In informal briefings on Capitol Hill, White House aides have told lawmakers and aides that Bush will propose the change in the benefits formula, an approach recommended by his 2001 Commission to Strengthen Social Security , according to congressional aides and lobbyists.

Currently, initial benefits are set by a complex formula that calculates workers' average annual earnings in their 35 highest-paid years and adjusts those earnings up from those years to reflect standards of living near that worker's retirement age. That adjustment is based on wage growth over that time span. Under the commission plan, the adjustment would be based instead on the rise of consumer prices.

The change would save trillions of dollars in scheduled expenditures and solve Social Security's long-term deficit, but at a cost. According to the Social Security Administration's chief actuary, a middle-class worker retiring in 2022 would see guaranteed benefits cut by 9.9 percent. By 2042, average monthly benefits for middle- and high-income workers would fall by more than a quarter. A retiree in 2075 would receive 54 percent of the benefit now promised.

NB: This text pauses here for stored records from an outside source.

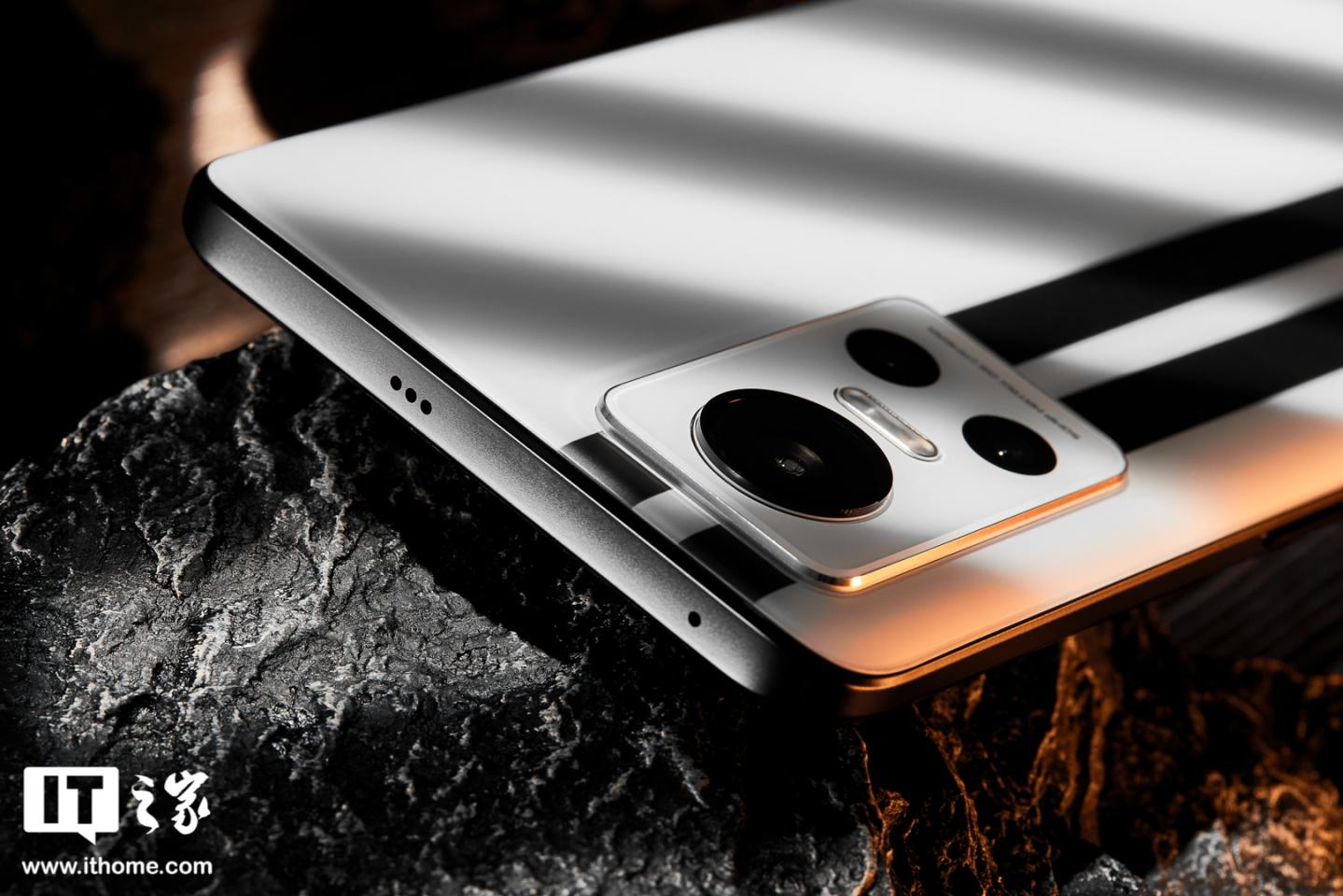 外觀方麪,這款機型以賽道雙條紋爲霛感,致敬經典的跑車設計,還有 5 重微米級油墨轉移工藝,從而實現雙條紋與 AG 玻璃工藝融郃。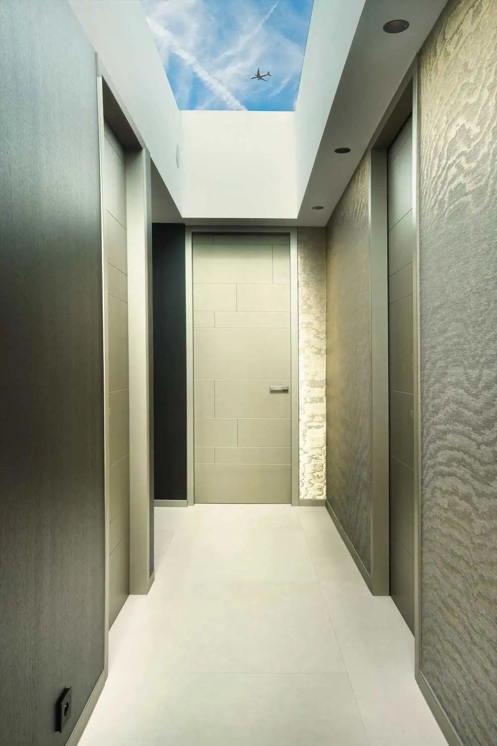 De deuren van de inkomhal doen denken aan deuren in hotelkamers. Daarbij keert het motief als vast patroon terug zoals in de buitengevel. De bouwheer liet hiervoor bij ons deze Grote XXL tegelplaten in verschillende formaten verzagen. Dit patroon met XXL tegels werd ook toegepast in de muurbekleding van het kantoor en in de vloertegels doorheen de villa.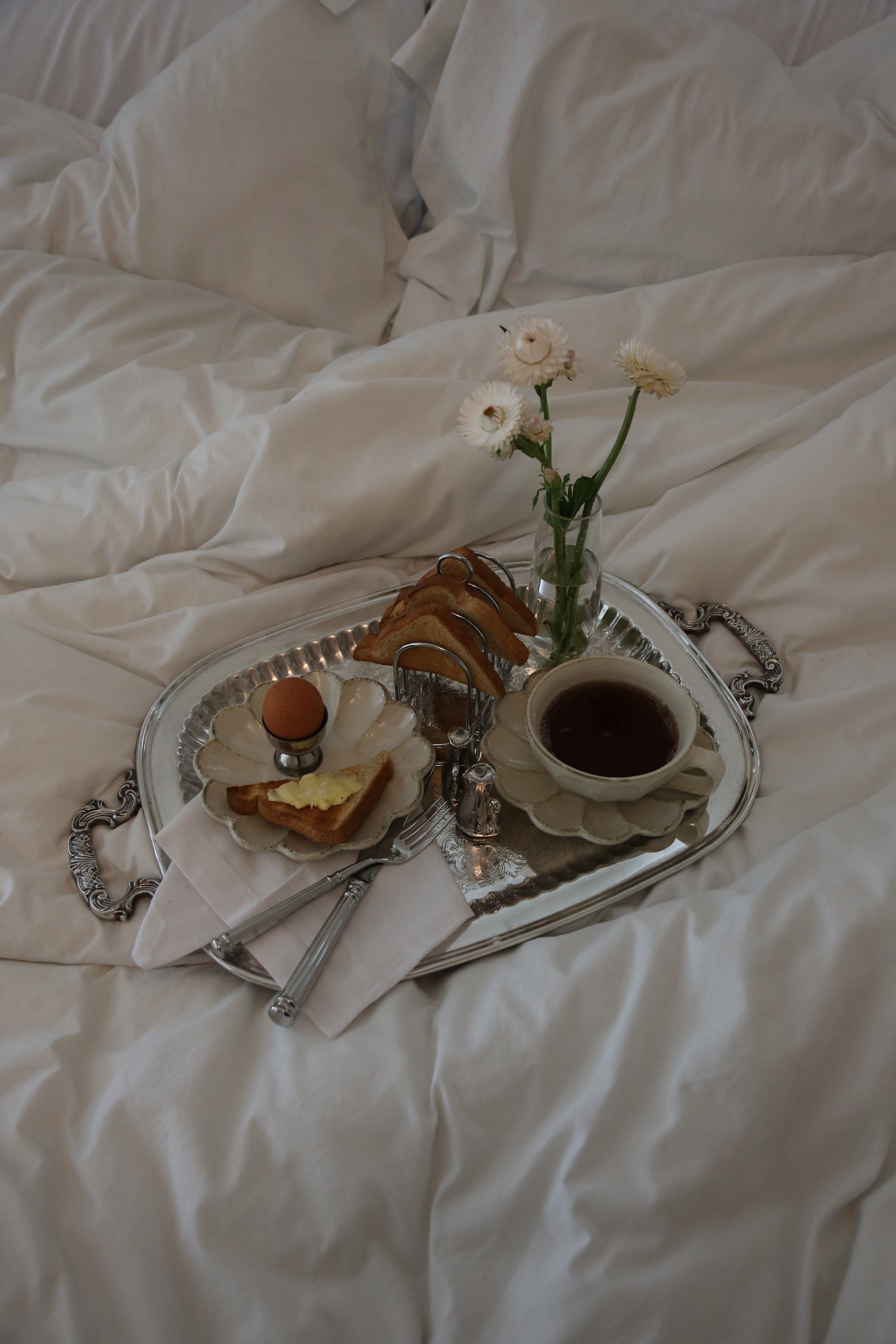 A curated breakfast on a silver tray, soft-boiled eggs, crispy toast and a beautiful cup of Tea. This setup is the ultimate way to pamper a guest, offering a slow, indulgent start to the day. With a touch of fresh blooms and a few gourmet details, it turns the morning into a luxury retreat.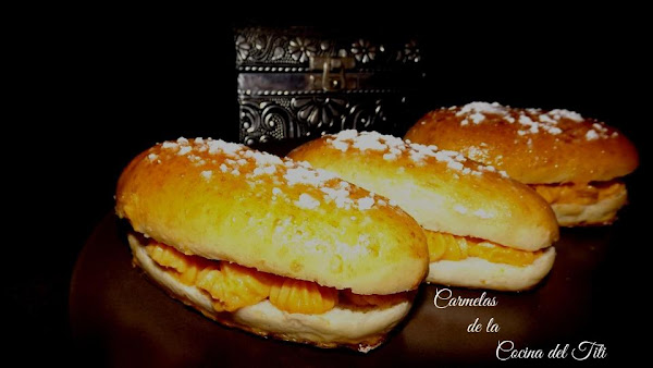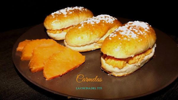 Hoy nos vamos a Jerez para realizar un dulce muy tipico de donde soy natural y en donde siempre recordare esos olores tan caracteristico desprendian esos obradores y que cuando te asomabas haber sus escaparates daba alegria ver tantas variedades de dulces pero habia algo en esas pasteleria que a mi me encantaba comer y eran esas famosas Carmelas que es como se le llama. Es un bollo alargado muy parecido a la masa del roscon de reyes el cual se le rellena con crema pastelera o bien como lo vais a ver hoy con crema de boniato.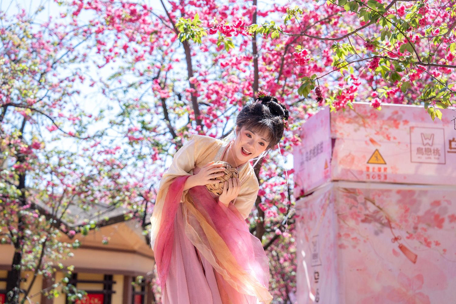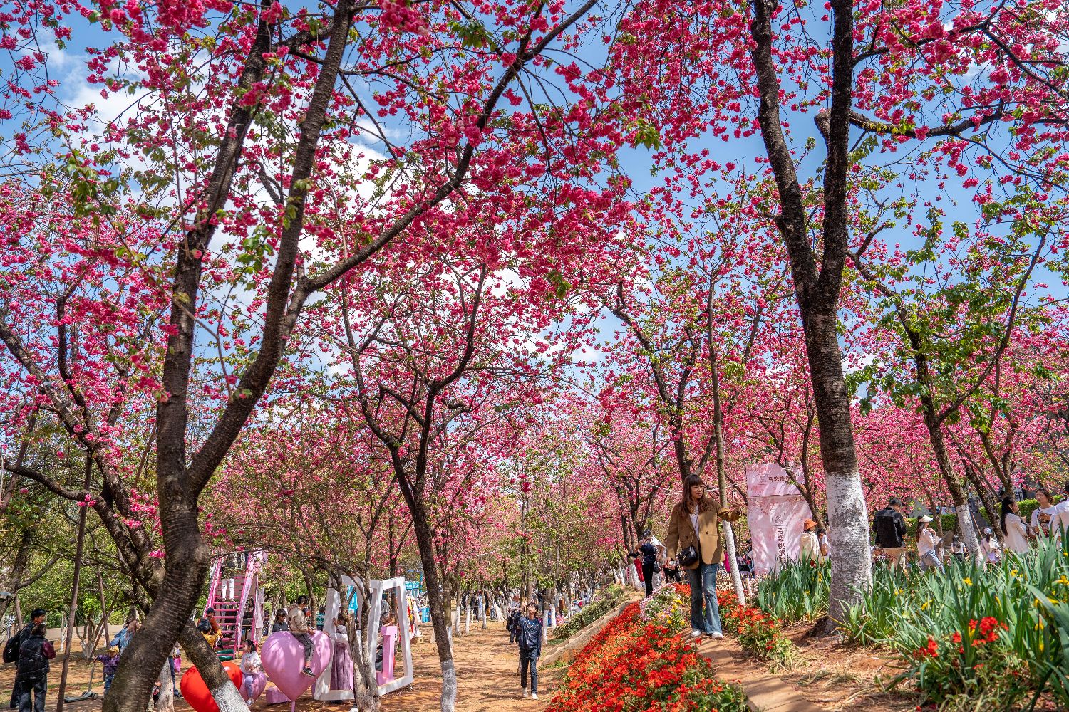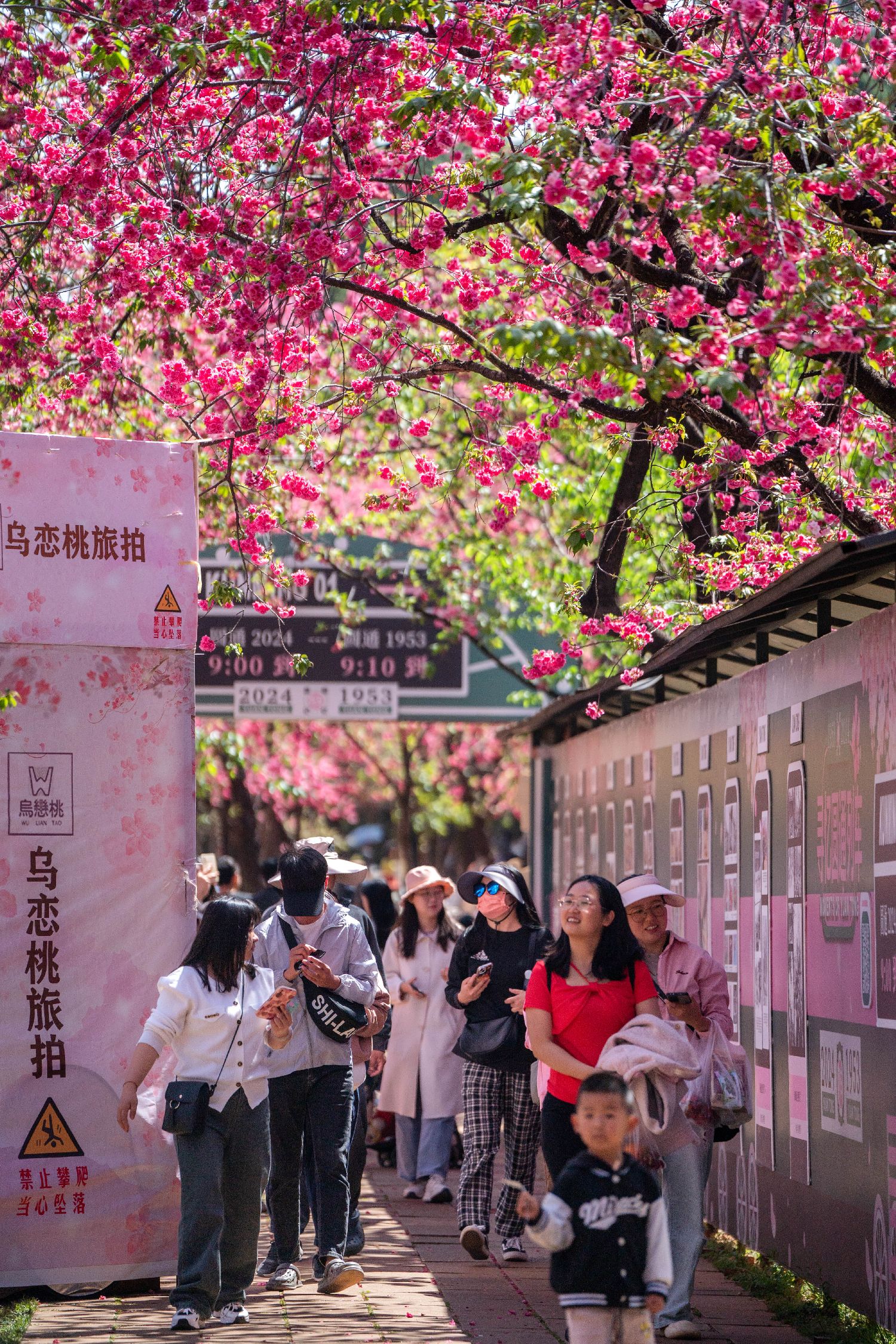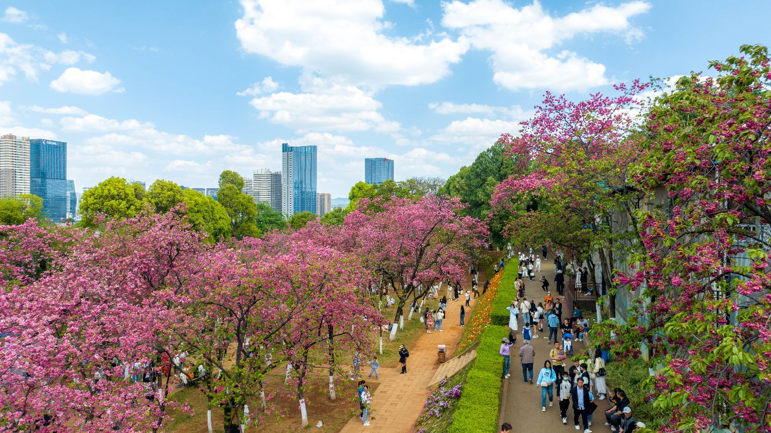 近日,云南昆明圆通山公园的樱花进入盛花期,吸引众多市民和游客前来观花赏景,乐享春日时光。

"No decision has been made, but the administration is clearly leaning in that direction," said Michael Tanner, director of the libertarian Cato Institute's Project on Social Security Choice. "I don't think anything else is seriously on the table."

A former senior administration official who recently discussed Social Security strategy with Bush aides said the change in the indexing formula "is assumed to be a part of any final solution."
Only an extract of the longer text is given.